WHAT IS REQUIRED: Here is the task for the records below: repeat exactly the lines from the one with "1月11日,为落实五育并举育" to the one with "Description ★French-born brand", both included, and nothing else.

===== THE RECORDS

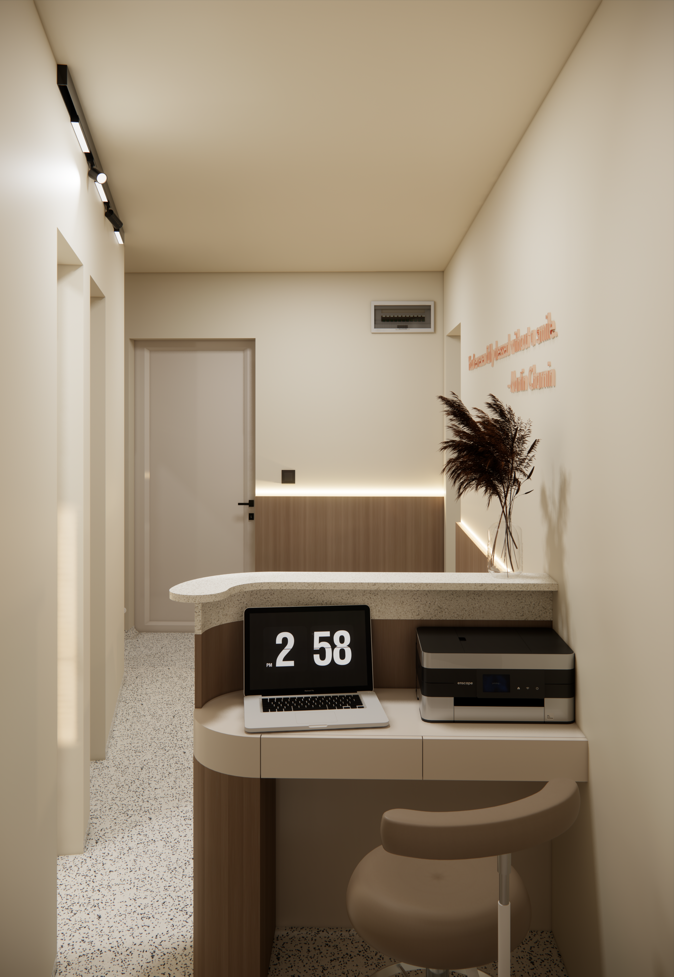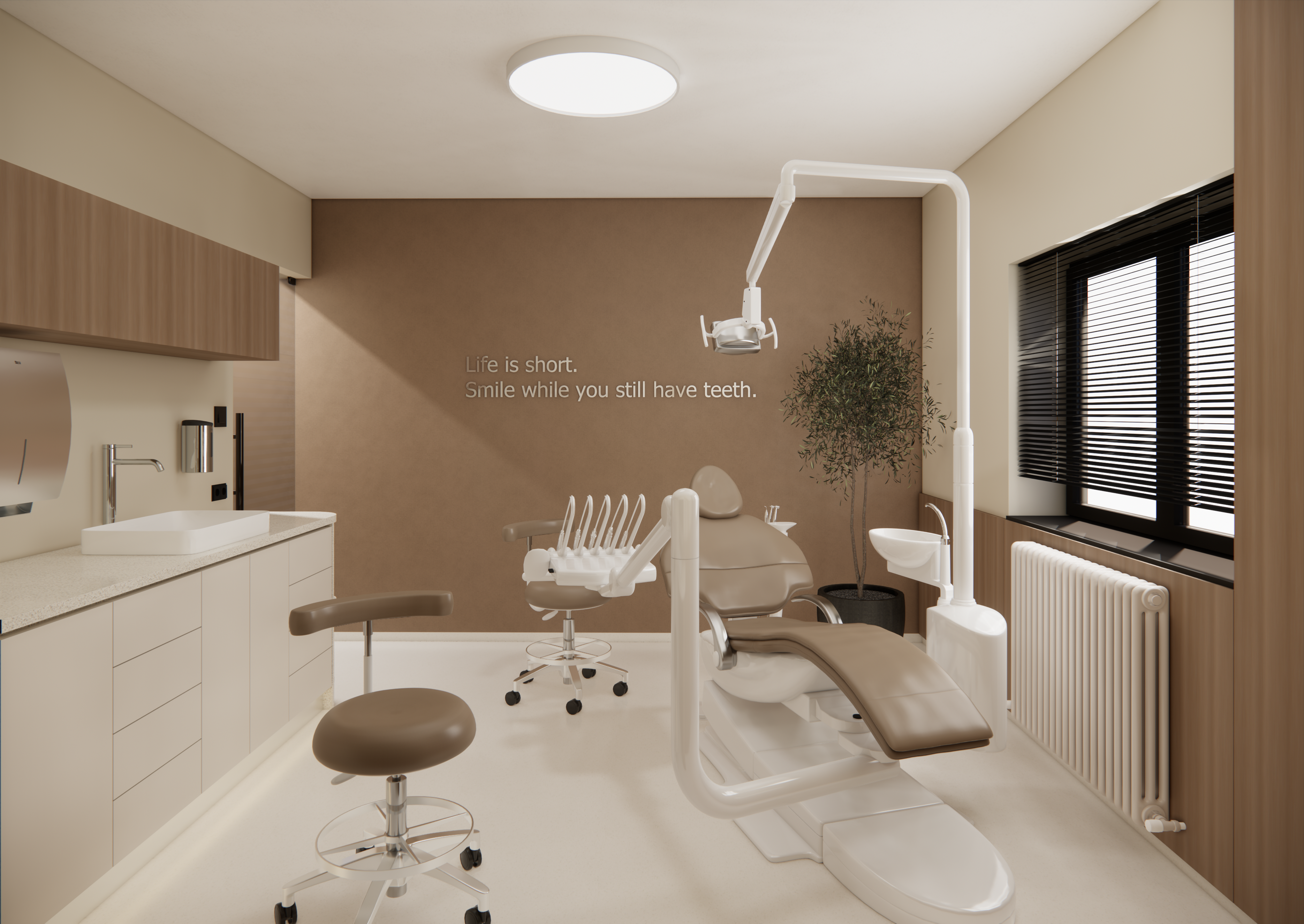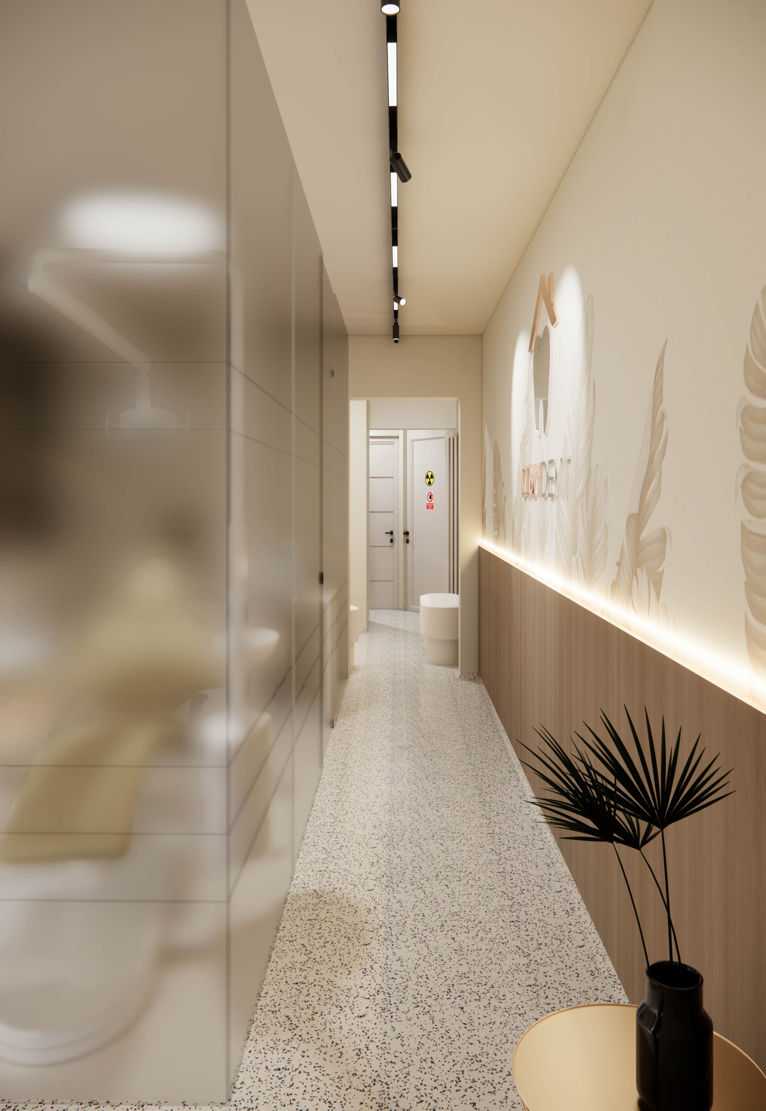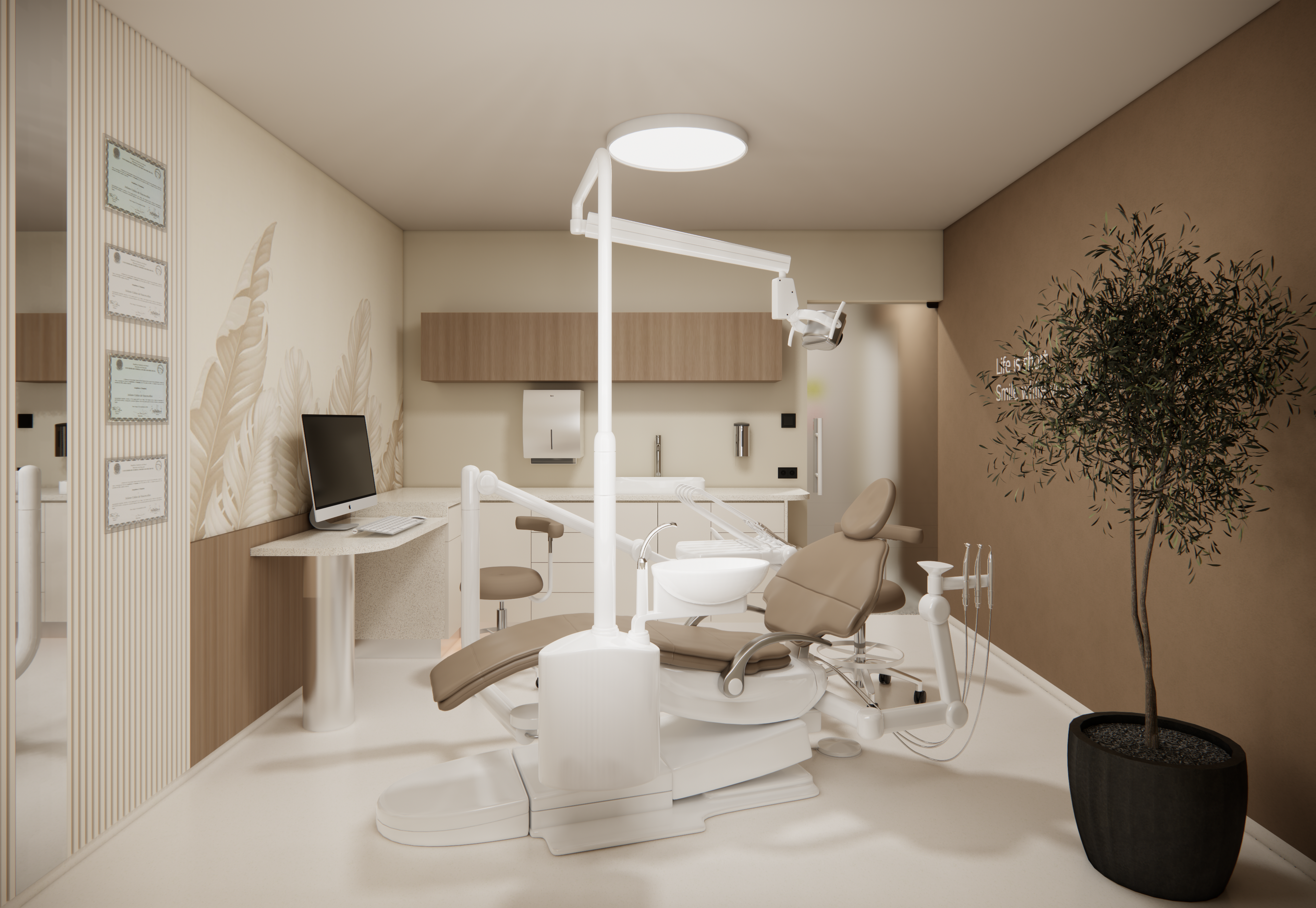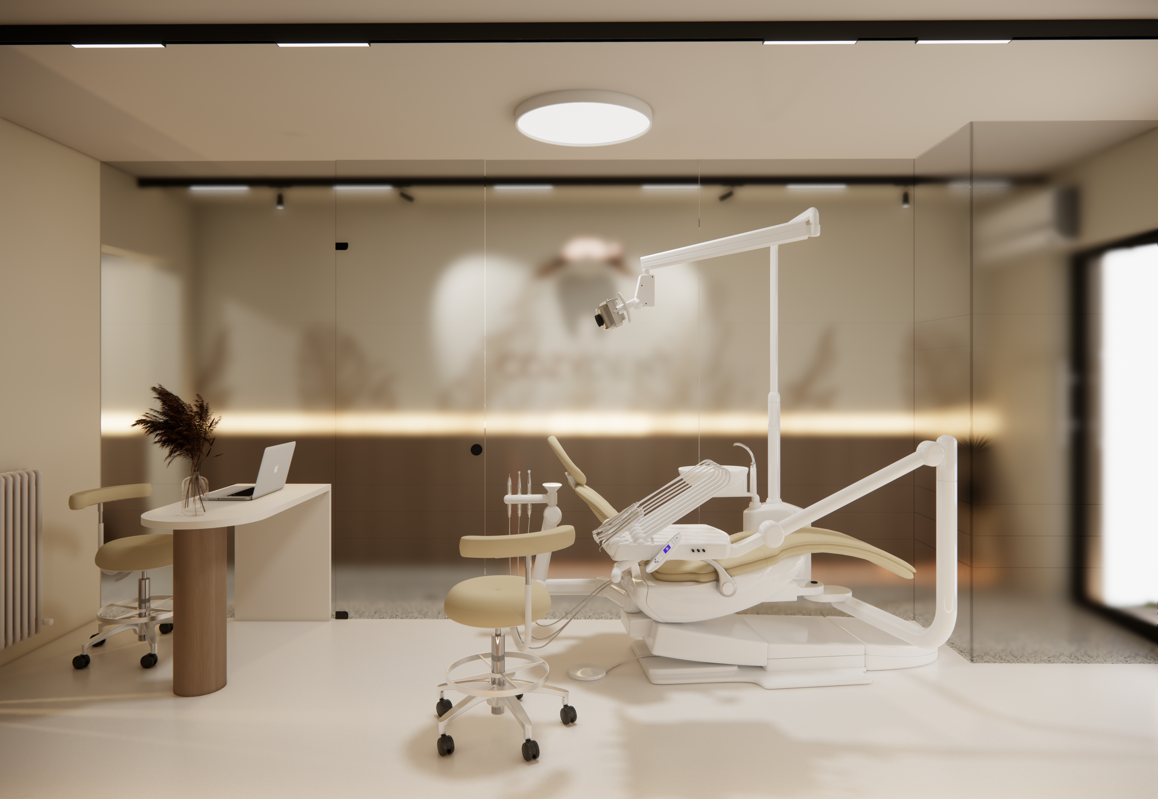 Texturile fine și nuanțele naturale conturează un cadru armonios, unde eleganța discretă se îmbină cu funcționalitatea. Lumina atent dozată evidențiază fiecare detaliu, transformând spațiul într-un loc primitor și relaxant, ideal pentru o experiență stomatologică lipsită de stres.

==========
===== THE RECORDS

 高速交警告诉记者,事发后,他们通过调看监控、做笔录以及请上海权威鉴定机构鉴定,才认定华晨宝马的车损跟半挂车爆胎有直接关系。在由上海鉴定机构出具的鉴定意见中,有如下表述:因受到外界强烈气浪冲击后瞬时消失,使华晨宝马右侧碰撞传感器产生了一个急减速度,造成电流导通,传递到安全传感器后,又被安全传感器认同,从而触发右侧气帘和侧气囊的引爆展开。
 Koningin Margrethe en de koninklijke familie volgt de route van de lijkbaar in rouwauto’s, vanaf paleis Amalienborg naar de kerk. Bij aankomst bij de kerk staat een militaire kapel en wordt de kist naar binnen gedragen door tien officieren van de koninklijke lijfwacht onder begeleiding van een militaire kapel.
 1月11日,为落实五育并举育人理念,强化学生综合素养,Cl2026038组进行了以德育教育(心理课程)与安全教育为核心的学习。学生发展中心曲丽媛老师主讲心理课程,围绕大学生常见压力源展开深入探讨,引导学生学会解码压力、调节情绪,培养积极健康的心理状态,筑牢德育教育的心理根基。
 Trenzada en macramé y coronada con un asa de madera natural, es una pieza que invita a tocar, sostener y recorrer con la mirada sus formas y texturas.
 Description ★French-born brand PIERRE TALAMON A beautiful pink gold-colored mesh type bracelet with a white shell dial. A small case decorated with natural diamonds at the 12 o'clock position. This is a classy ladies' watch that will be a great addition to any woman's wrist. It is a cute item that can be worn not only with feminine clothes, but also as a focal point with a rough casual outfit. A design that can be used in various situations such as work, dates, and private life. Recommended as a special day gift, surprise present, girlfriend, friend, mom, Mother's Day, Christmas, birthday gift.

==========

TASK RESULT:
 1月11日,为落实五育并举育人理念,强化学生综合素养,Cl2026038组进行了以德育教育(心理课程)与安全教育为核心的学习。学生发展中心曲丽媛老师主讲心理课程,围绕大学生常见压力源展开深入探讨,引导学生学会解码压力、调节情绪,培养积极健康的心理状态,筑牢德育教育的心理根基。
 Trenzada en macramé y coronada con un asa de madera natural, es una pieza que invita a tocar, sostener y recorrer con la mirada sus formas y texturas.
 Description ★French-born brand PIERRE TALAMON A beautiful pink gold-colored mesh type bracelet with a white shell dial. A small case decorated with natural diamonds at the 12 o'clock position. This is a classy ladies' watch that will be a great addition to any woman's wrist. It is a cute item that can be worn not only with feminine clothes, but also as a focal point with a rough casual outfit. A design that can be used in various situations such as work, dates, and private life. Recommended as a special day gift, surprise present, girlfriend, friend, mom, Mother's Day, Christmas, birthday gift.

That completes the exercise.